MT: When disgruntled owner/operators formed the National Truckers Association you worked with them as they tried to establish ties with the different governments. Yet in the end they ended up giving t...
MT:When disgruntled owner/operators formed the National Truckers Association you worked with them as they tried to establish ties with the different governments. Yet in the end they ended up giving the industry another black eye when their spokesman told the national media that drivers are fudging their logbooks and driving excessive hours. Considering the effort the OTA has put into changing the public image of the industry, are you still interested in working with the National Truckers Association after the last stunt it pulled?
Bradley: It remains to be seen if this group really gets off the ground what they intend to do. If they intend to become a bargaining agent there will be those members who will want us to stay away because that’s not the OTA’s role; we don’t negotiate. On the other hand, there are some carriers who would rather deal with one group, because then at least they would know who they were talking to instead of dealing with all these splinter groups which makes the situation so inconsistent. We’ve always made the point that the industry would be stronger if owner-operators were better business people. Clearly from my personal perspective, in terms of lobbying government, it would be helpful to have a reasonable professional group to partner with. When you look at the hours of service issue, for example, and you look at the kind of garbage that CRASH spins out, it’s one thing to have the representative from the corporate side say this is how it’s going to affect drivers and it’s quite another thing to have someone who really does represent drivers speak to it. We will always try to work with anybody if they want to work with us.
MT:One of your greatest obstacles in working with the Ontario government was Finance Minister Ernie Eves. Because he had a family connection to the trucking industry he kept the industry at arm’s length so no one could accuse him of conflict of interest. Has the appointment of Jim Flaherty to that portfolio made a difference in how trucking interests are received at Queen’s Park?
Bradley: The difference is night and day. The problem wasn’t just Ernie Eves, the bureaucracy was petrified to deal with us because they feared suffering Ernie’s wrath. It was really, really frustrating. That has changed just in the last couple of weeks. We have met with the new minister, the deputy, the senior policy advisor, there has been follow-up on our issues. Now we can get back to making sure our sector is competitive going forward…The only thing that really caused (the Eves situation) to be not as big an issue as it might otherwise have been was that we went through five years of tax reductions after so many years of tax increases. If we had been shut out while fuel costs and other things were increasing it would have been an intolerable situation.
MT: Speaking of intolerable situations, in recent weeks there has been a lot of sniping back in forth among the OTA and the Railroad Association of Canada. Some major carriers, such as Yanke Group, are embracing intermodalism and forming close relationships with the railways. Despite the bitter feelings between the two associations is there room to create a working relationship?
Bradley: I would much rather be doing other things than fighting the railways but they started it and there’s no damn way we are going to allow them to get a competitive advantage over our industry because of public policy… I hope (the railways) will realize that working together is much more effective than fighting each other.

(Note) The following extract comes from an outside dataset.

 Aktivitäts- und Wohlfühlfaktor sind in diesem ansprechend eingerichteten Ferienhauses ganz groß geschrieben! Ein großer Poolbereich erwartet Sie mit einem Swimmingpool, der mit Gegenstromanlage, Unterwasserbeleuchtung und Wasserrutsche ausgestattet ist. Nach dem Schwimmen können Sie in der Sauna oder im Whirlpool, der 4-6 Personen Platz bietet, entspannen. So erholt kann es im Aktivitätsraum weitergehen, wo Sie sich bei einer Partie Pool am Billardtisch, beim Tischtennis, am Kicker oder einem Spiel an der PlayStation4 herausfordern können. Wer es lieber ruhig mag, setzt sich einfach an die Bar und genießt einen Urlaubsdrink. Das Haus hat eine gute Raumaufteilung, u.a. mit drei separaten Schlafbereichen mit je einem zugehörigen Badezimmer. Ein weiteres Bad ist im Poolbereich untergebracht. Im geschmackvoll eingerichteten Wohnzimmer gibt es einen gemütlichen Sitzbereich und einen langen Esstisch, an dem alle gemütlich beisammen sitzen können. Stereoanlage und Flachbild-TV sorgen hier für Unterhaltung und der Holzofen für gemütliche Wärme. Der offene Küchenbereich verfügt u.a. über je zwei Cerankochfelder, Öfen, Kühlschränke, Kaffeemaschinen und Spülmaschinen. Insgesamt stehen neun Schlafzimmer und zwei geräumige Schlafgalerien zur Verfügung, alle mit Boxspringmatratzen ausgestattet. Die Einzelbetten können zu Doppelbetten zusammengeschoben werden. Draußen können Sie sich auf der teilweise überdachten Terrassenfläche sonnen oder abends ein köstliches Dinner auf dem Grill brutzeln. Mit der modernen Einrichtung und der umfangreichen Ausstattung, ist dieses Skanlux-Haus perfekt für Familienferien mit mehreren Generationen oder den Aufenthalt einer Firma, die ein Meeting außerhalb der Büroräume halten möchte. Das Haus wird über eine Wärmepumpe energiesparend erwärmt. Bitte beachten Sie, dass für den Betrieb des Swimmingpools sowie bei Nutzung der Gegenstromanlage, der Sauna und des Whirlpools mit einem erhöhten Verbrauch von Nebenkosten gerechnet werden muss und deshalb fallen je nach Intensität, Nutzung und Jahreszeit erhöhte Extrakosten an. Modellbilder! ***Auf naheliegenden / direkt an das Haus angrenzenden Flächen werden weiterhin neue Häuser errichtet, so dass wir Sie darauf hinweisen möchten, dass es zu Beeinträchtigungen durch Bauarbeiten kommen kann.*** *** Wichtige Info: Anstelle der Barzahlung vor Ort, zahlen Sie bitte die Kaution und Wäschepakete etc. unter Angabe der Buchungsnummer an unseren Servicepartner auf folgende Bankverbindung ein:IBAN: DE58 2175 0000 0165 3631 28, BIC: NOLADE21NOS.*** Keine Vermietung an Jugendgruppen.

If you look at what the railways are asking for – accelerated CCA rates, lower fuel taxes – that’s what we want too. The problem is that it’s the freight transportation sector that is discriminated against when it comes to taxes, not just rail or truck. It’s both of us. If we could go in together to see the minister of finance and say this vital sector needs change I have to think we would be more effective than the railways going in and saying hurt the truckers and that will help us, or us going in and saying don’t hurt us unless you are also going to hurt them. What’s a politician going to do then? He won’t do anything.

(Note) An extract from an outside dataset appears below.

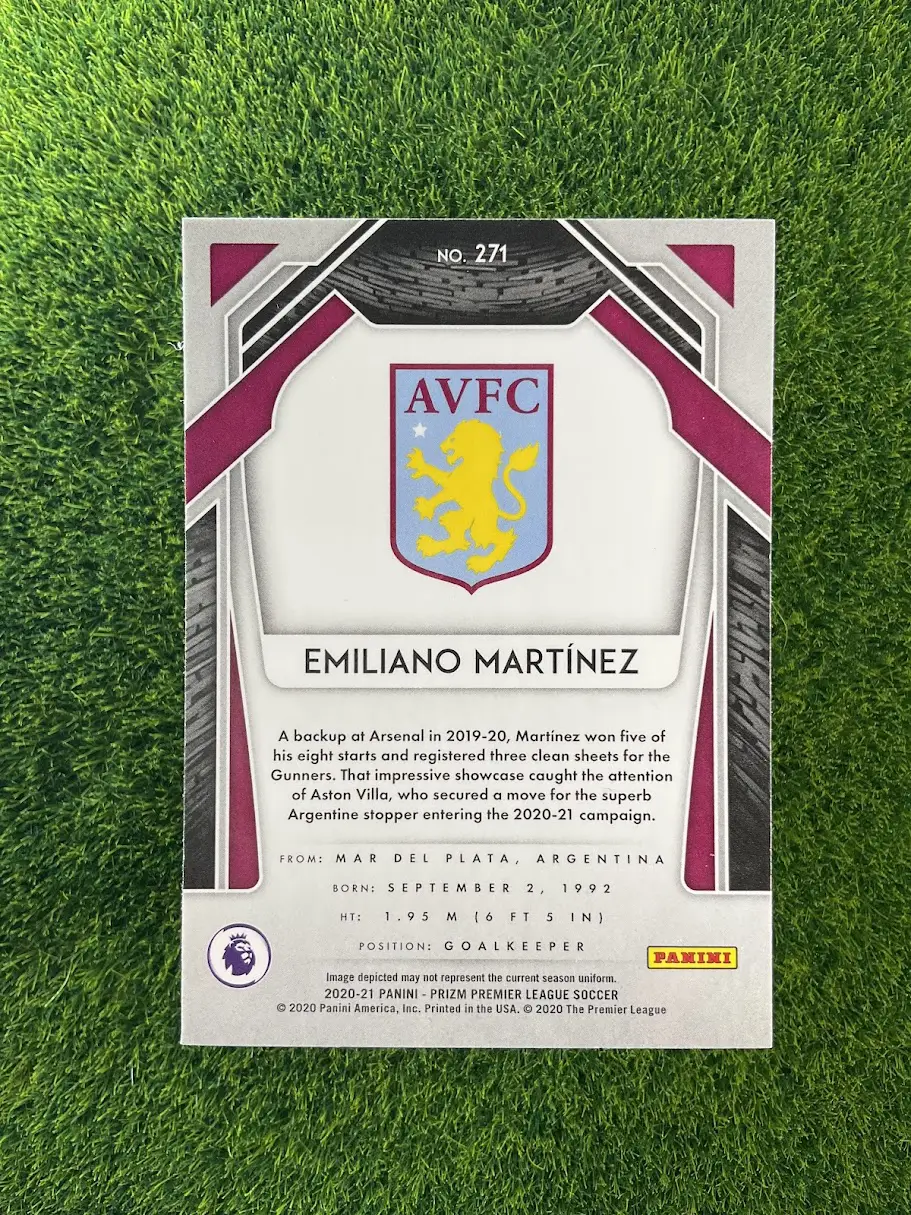 & Free ShippingThis Emiliano Martínez rookie card from the 2020-21 Panini Prizm series features a Silver Prizm parallel.

MT:Realistically how close are we to making such cooperation between the two modal associations reality?
Bradley: Right now I don’t know that we are anywhere. It’s too easy to say let’s work together. I would need some convincing. It was two years ago that Paul Tellier stood up at the OTA convention and said it was time to stop sucking and blowing. We have to see something concrete and I’m not sure he is inclined to do that.
MT: Some of your own members have criticized the quality of management expertise within the industry and they look outside the industry when they want to fill a management position. Do you see the OTA getting involved with colleges and universities in accrediting new management programs specific to transportation?
Bradley: Not really, we’ve done that in the past and there wasn’t enough uptake. I think we have a role, perhaps more indirect, in trying to promote our industry to people who never thought of working in it. And maybe when carriers do hire someone there is a role for us in giving that person a general understanding of the industry.